Blogbaby episode four: Pete Larson on Graduate Student Research Assistant Unionization

[While I’m busy scrubbing poop from diapers and other articles of clothing, several friends have been kind enough to provide content for this site, through a program we’re calling Blogbaby. Today’s contribution comes from my friend and former bandmate Pete Larson.]

Mark has been on to me for several weeks to write something for his blog. So far, I’ve started composing no fewer than five posts. One day I’ll finish the other four. I can post any nonsensical thought on my own blog, but publishing nonsense on someone else’s blog (particularly Mr. Maynard’s) is another matter… So, Mark will just have to wait for my analysis of his expanding waistline, and my fantastic report linking Japanese porn to the Republican Party’s current assault on reproductive rights, for just a little while longer. Here, in the meantime, are my thoughts on the unionization of Graduate Student Research Assistants (GSRAs) at University of Michigan.

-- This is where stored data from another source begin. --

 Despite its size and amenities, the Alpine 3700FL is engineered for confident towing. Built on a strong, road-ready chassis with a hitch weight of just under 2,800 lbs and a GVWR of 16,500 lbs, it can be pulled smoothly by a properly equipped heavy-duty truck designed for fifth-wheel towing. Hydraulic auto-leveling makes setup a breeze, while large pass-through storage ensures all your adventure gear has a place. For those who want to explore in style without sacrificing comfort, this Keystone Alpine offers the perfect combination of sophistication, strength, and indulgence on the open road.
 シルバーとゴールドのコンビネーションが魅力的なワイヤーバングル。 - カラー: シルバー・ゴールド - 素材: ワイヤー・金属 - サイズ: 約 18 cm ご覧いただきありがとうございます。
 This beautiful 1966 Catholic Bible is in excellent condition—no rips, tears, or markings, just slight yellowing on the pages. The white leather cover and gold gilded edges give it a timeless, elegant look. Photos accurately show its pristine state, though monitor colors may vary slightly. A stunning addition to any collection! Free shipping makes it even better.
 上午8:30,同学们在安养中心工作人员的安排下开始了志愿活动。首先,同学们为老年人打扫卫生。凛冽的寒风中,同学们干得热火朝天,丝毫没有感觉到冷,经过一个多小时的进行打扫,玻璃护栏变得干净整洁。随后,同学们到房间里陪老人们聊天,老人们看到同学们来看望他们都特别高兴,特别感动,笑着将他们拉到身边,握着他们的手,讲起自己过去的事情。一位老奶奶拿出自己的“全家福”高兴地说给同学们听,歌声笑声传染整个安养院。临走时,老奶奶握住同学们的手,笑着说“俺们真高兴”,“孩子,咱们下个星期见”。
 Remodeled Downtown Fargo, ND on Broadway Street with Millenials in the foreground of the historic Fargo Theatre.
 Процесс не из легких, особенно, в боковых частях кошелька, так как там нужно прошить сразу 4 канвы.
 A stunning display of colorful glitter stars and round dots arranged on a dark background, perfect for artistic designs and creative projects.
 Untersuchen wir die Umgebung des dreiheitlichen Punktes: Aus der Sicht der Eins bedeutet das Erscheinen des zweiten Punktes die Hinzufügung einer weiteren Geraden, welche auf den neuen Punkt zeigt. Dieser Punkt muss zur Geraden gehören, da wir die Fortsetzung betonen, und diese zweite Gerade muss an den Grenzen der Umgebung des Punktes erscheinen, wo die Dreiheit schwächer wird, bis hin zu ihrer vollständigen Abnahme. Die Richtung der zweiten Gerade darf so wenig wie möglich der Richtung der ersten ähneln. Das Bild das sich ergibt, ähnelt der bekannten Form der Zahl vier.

Currently, the union which represents Graduate Student Instructors (GSIs) at the UM, GEO, is actively attempting to bring Graduate Student Research Assistants (GSRAs) into the union. GEO can claim as a success, the excellent funding package that graduate student employees currently receive, which includes a living wage, and the same health insurance package that all UM employees receive. The health insurance benefits alone complete a package that far exceeds that offered by other comparable institutions. I personally receive this package. No other school I applied to (back when I was applying) offered anything close.

When the University has, in the past, sought to reduce benefits, GEO has lobbied successfully to maintain them. GSRAs are able to appeal to GEO for advocacy, and currently enjoy the same minimum benefits as Graduate Student Instructors, but do not have any official union representation. It is worth noting, that though the University grants GSRAs the same benefits as GSIs, the University is not under any obligation to do so.

For GSRAs to enter the union, the entire body of GSRAs must vote to do so, which seems like a simple process. Allowing a vote, however, depends on the decisions of a state body, the Michigan Employment Relations Commission (MERC), along with the final decision of a state judge. This is where things get hairy. GSIs are considered employees of the University and thus state employees under a decision from the early 1980’s which allowed them to unionize as any body of state employees can.

GSRAs at that time were not considered state employees, though, as they were thought to prioritize work on their own research over that which the University was pursuing. At the time, there were very few GSRAs and many GSIs. The situation has changed dramatically since that time. The University of Michigan is now a research behemoth producing work that largely depends on the work of its expanding army of graduate students. There are now more than 2000 GSRAs on campus.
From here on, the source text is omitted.